> _Aim of the exercise_
Output the whole listing exactly, except for the pictures in it.

> _Records to process_
────────────────

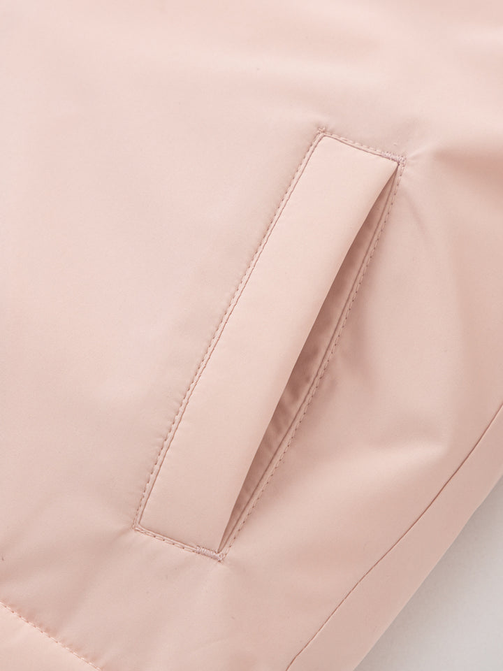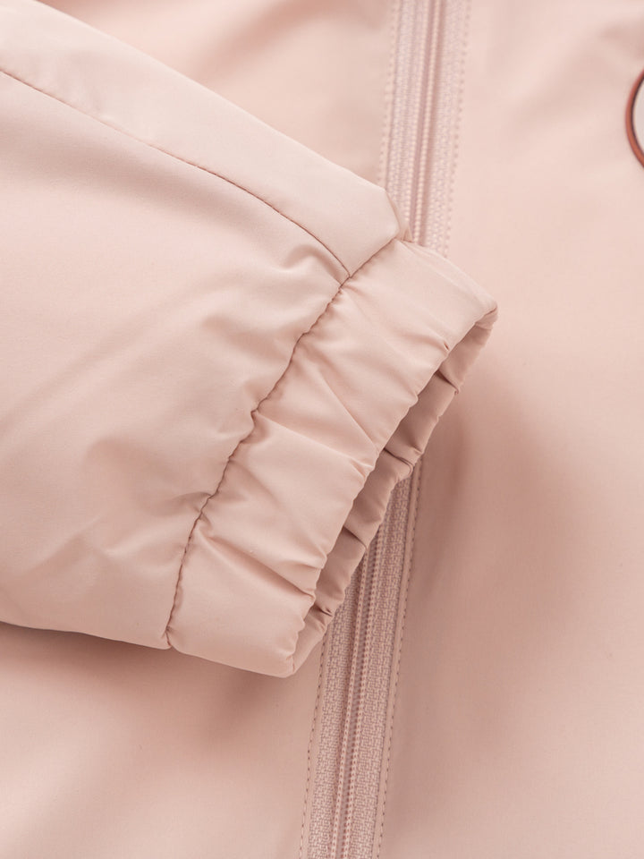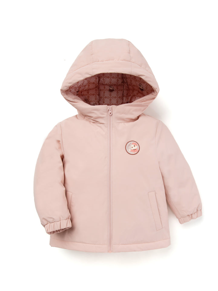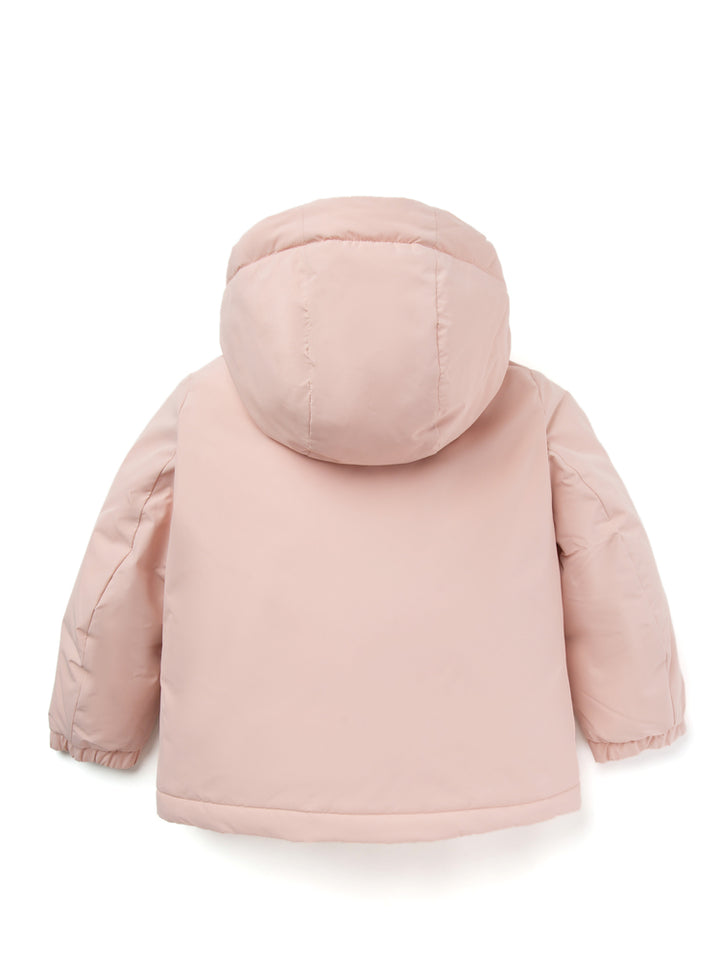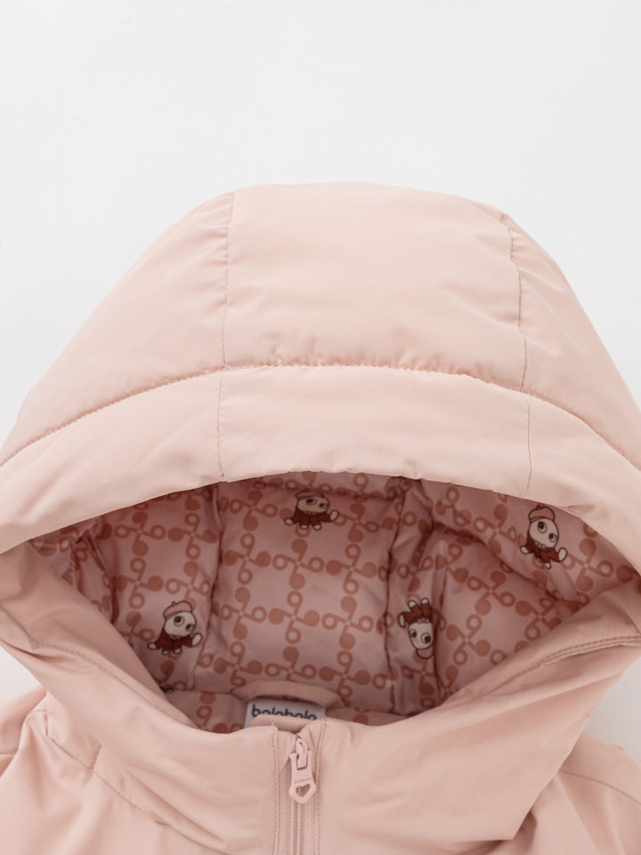 جاكيت بافر بناتي منفوخ بأكمام طويلة، خامة دافئة للشتاء، مزين برقعة صغيرة من الجهة الأمامية، يأتي بجيوب من الجهة الأمامية، سحاب للإغلاق من الجهة الأمامية وبياقة هودي متصلة
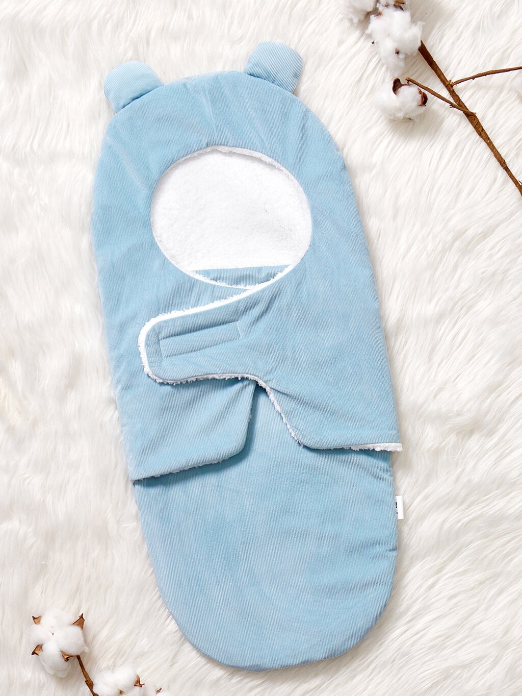 1pc Baby Cartoon Ear Decor Plush Swaddling Blanket
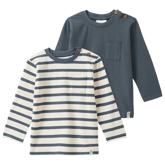 Twee shirts met lange mouwen van gecertificeerd biologisch katoen met een ronde halslijn. In effen blauwgrijs en crèmewit met horizontale strepen. Elk met een praktische schouderknoop en opgestikte borstzak links.
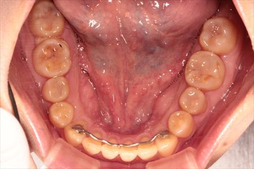 下の前歯は後戻りが最も起こりやすいので、ワイヤーで止めました。
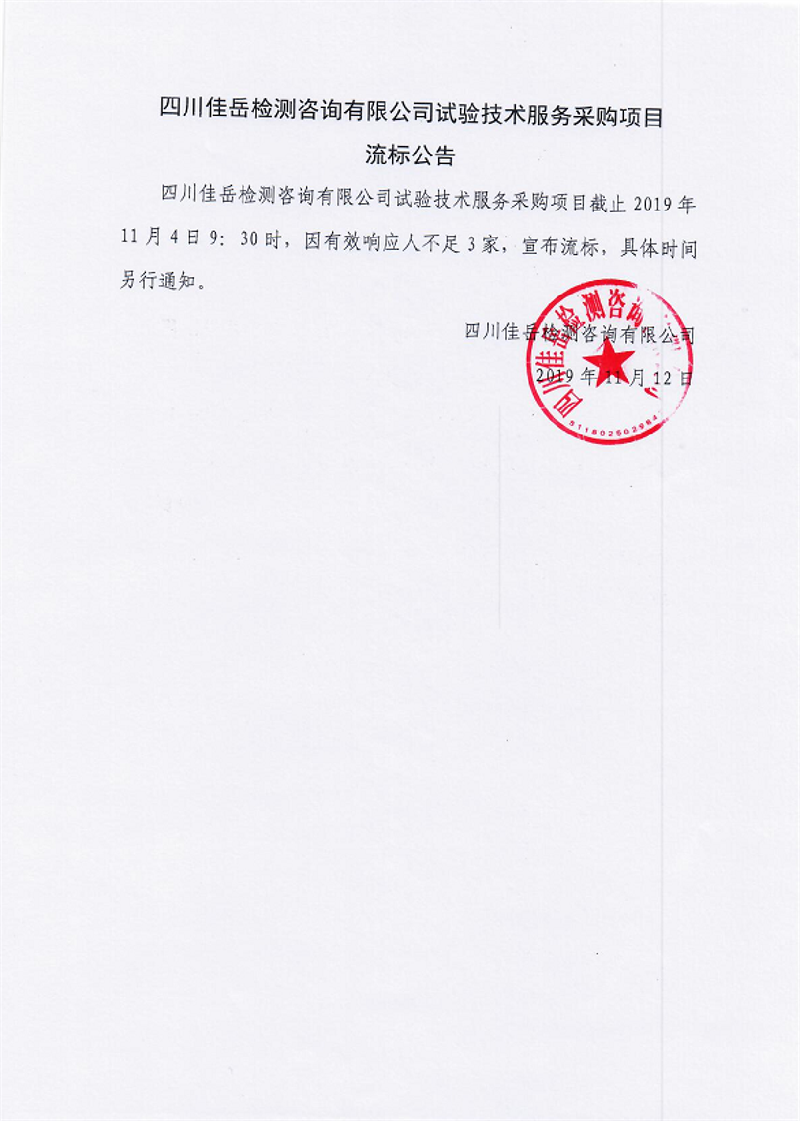 四川佳岳檢測咨詢有限公司試驗技術服務采購項目流標公告
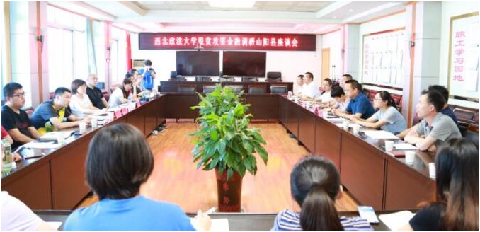 7月15日下午,成人直播 2019年暑期社会实践队在山阳县召开脱贫攻坚金融调研座谈会。山阳县政府十分重视此次调研活动,副县长李振萍出席座谈会并讲话,山阳县扶贫局、金融办、农村商业银行相关人员参与座谈会。座谈会由山阳县政府办副主任刘建成主持。
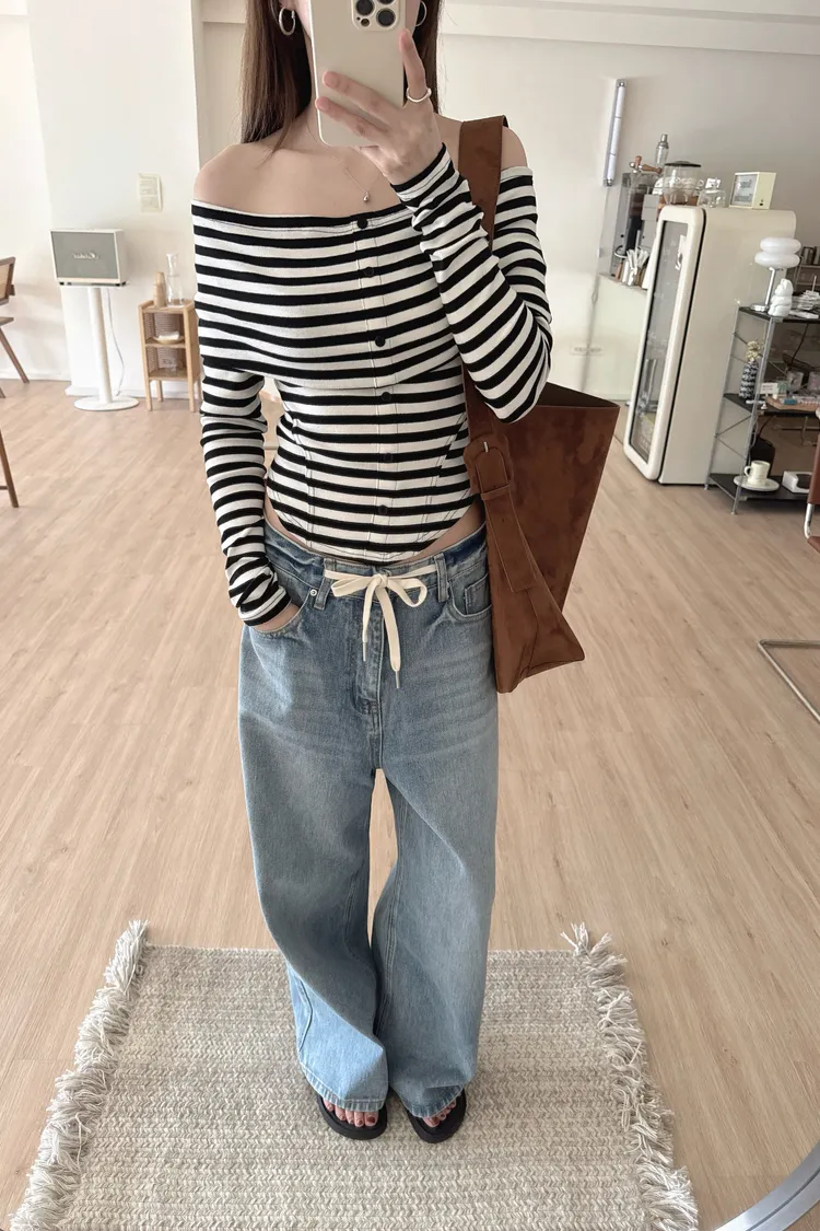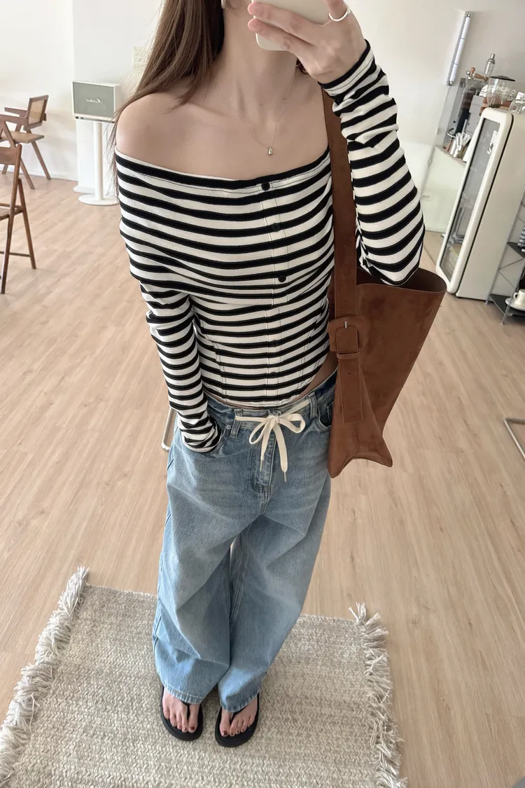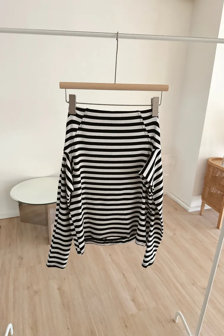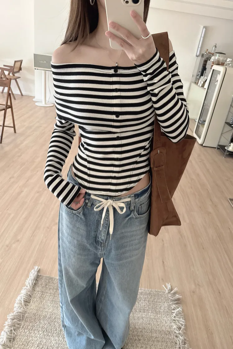 秋𝐧𝐞𝐰🍂條紋露肩圓弧下擺上衣(現貨)
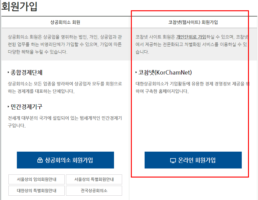 상공회의소 회원 뿐만아니라 코참넷(개인)도 이용할 수 있는 서비스에요.
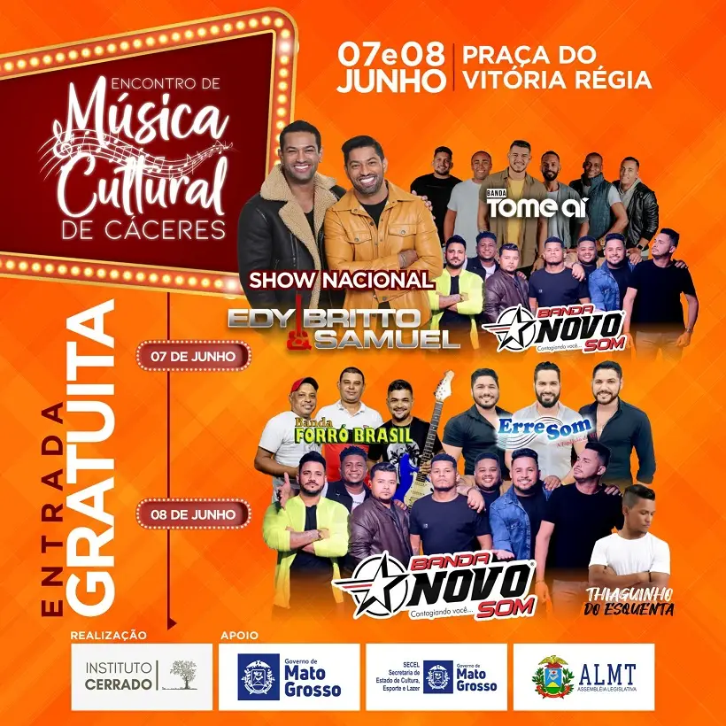 O Encontro de Música Cultural de Cáceres reúne Edy Brito e Samuel, Erre Som, Banda Novo Som e mais em shows imperdíveis nos dias 7 e 8 de junho. Entrada acessível!

────────────────

> _Output below_
 جاكيت بافر بناتي منفوخ بأكمام طويلة، خامة دافئة للشتاء، مزين برقعة صغيرة من الجهة الأمامية، يأتي بجيوب من الجهة الأمامية، سحاب للإغلاق من الجهة الأمامية وبياقة هودي متصلة
 1pc Baby Cartoon Ear Decor Plush Swaddling Blanket
 Twee shirts met lange mouwen van gecertificeerd biologisch katoen met een ronde halslijn. In effen blauwgrijs en crèmewit met horizontale strepen. Elk met een praktische schouderknoop en opgestikte borstzak links.
 下の前歯は後戻りが最も起こりやすいので、ワイヤーで止めました。
 四川佳岳檢測咨詢有限公司試驗技術服務采購項目流標公告
 7月15日下午,成人直播 2019年暑期社会实践队在山阳县召开脱贫攻坚金融调研座谈会。山阳县政府十分重视此次调研活动,副县长李振萍出席座谈会并讲话,山阳县扶贫局、金融办、农村商业银行相关人员参与座谈会。座谈会由山阳县政府办副主任刘建成主持。
 秋𝐧𝐞𝐰🍂條紋露肩圓弧下擺上衣(現貨)
 상공회의소 회원 뿐만아니라 코참넷(개인)도 이용할 수 있는 서비스에요.
 O Encontro de Música Cultural de Cáceres reúne Edy Brito e Samuel, Erre Som, Banda Novo Som e mais em shows imperdíveis nos dias 7 e 8 de junho. Entrada acessível!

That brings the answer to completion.